Firstly, the evidence presented by Huatuo Sinopharm demonstrated that the “Huatuo” trade name has garnered a significant level of recognition within the relevant industry through years of promotion and use, qualifying it as a trade name with influence as defined in Article 6, Paragraph 2 of the Anti-Unfair Competition Law.
Secondly, since Huatuo Sinopharm and its subsidiaries no longer held any shares in Guangdong Huatuo Health or Guangdong Huatuo Pharm, neither entity possessed the legal right to utilize “Huatuo” in their trade names. The legal basis for Guangdong Huatuo Pharm’s use of “Huatuo” as a trade name stemmed from an Investment Agreement for the Establishment of Huatuo Sinopharm Chain Co., Ltd., which was annulled by a shareholders’ resolution in 2016. Huatuo Sinopharm did not authorize Guangdong Huatuo Pharm to continue using “Huatuo” as a trade name. Furthermore, in 2018, Guangdong Huatuo Pharm publicly acknowledged on its official website that it had violated the agreement by establishing Guangdong Huatuo Health without authorization and using both “Huatuo” and “Huatuo Sinopharm” as trademarks and trade names without permission.
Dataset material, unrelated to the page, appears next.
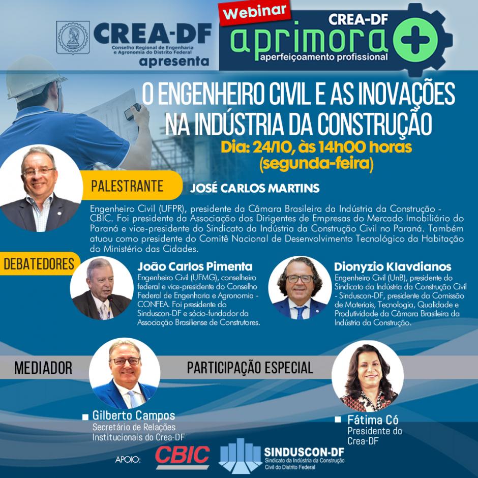 Em comemoração ao dia do Engenheiro Civil, da Construção Civil e do Patrono da Engenharia Civil Santo Antonio de Sant'Ana Galvão (Frei Galvão), celebrado em 25/10, Crea-DF promoverá, no dia 24 de outubro (segunda-feira), às 14h, a palestra "O Engenheiro Civil e as Inovações na Indústria da Construção", uma iniciativa do Programa Aprimora+.
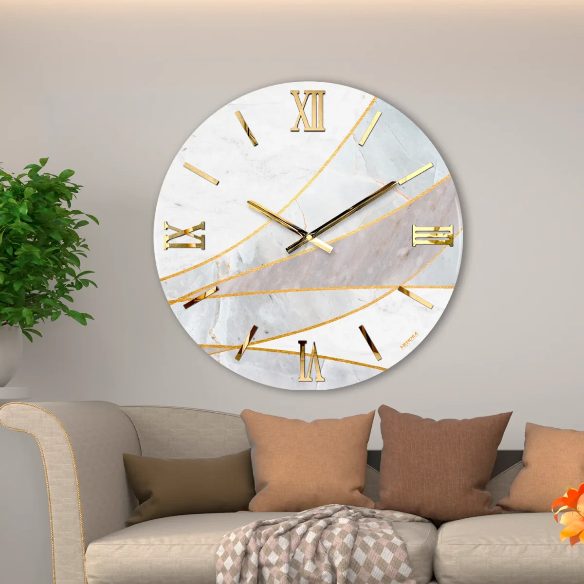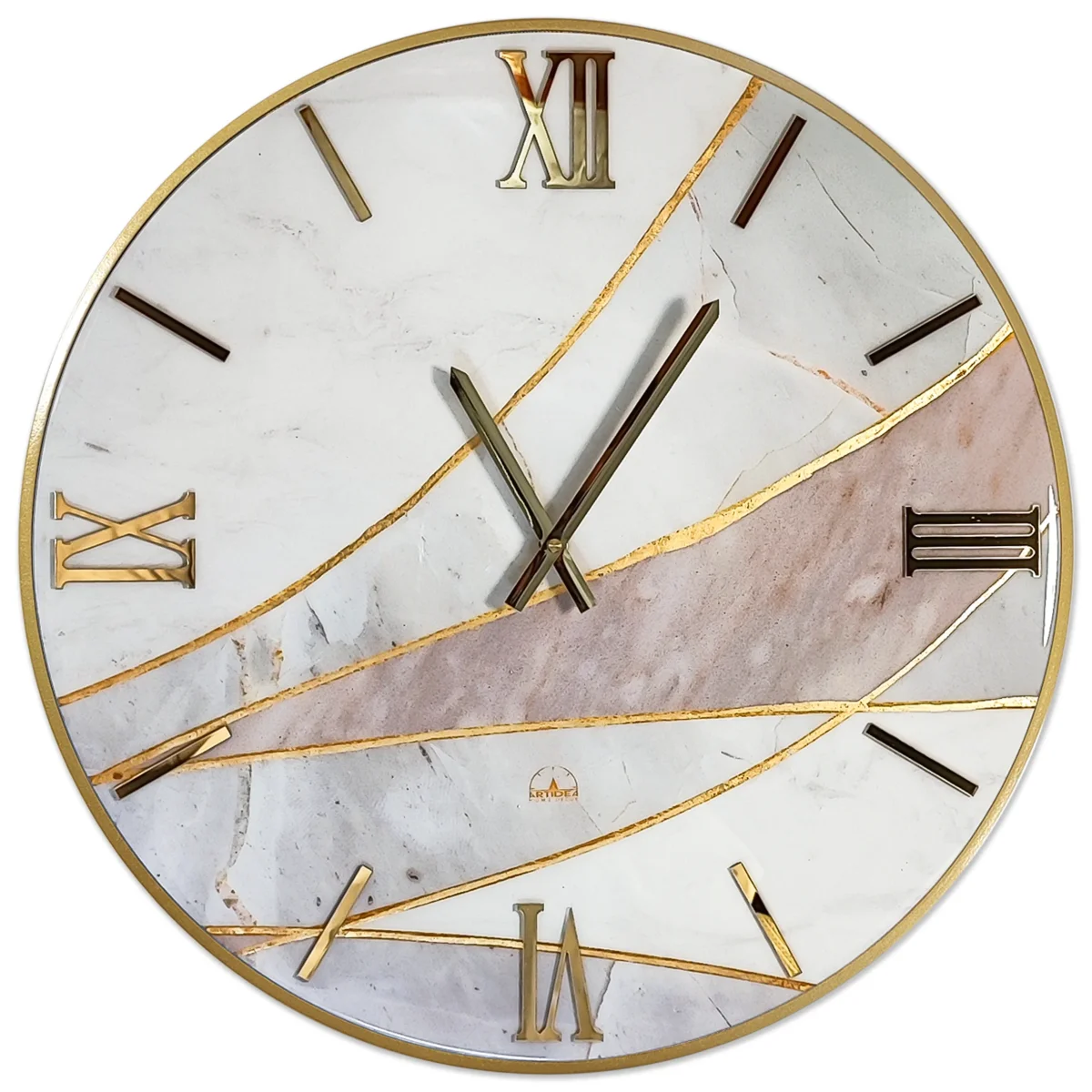 Orologio circolare con quadrante lucido, decorato a mano con foglia oro e numeri sovrapposti in Plex lucido con effetto specchio.

Moreover, the business scope of Huatuo Sinopharm included the production and sale of traditional Chinese medicine, while Guangdong Huatuo Pharm was also involved in the wholesale and retail of traditional Chinese medicine and pharmaceuticals. Given the established recognition of Huatuo Sinopharm, the relevant public could easily be misled into believing there was a connection between Huatuo Sinopharm and Guangdong Huatuo Pharm, resulting in confusion and potential harm to the trade name rights of Huatuo Sinopharm.
Therefore, the Court concluded that the use of “Huatuo” as a trade name by Guangdong Huatuo Health and Guangdong Huatuo Pharm constituted acts of unfair competition as defined in Article 6, Paragraph 2 of the Anti-Unfair Competition Law.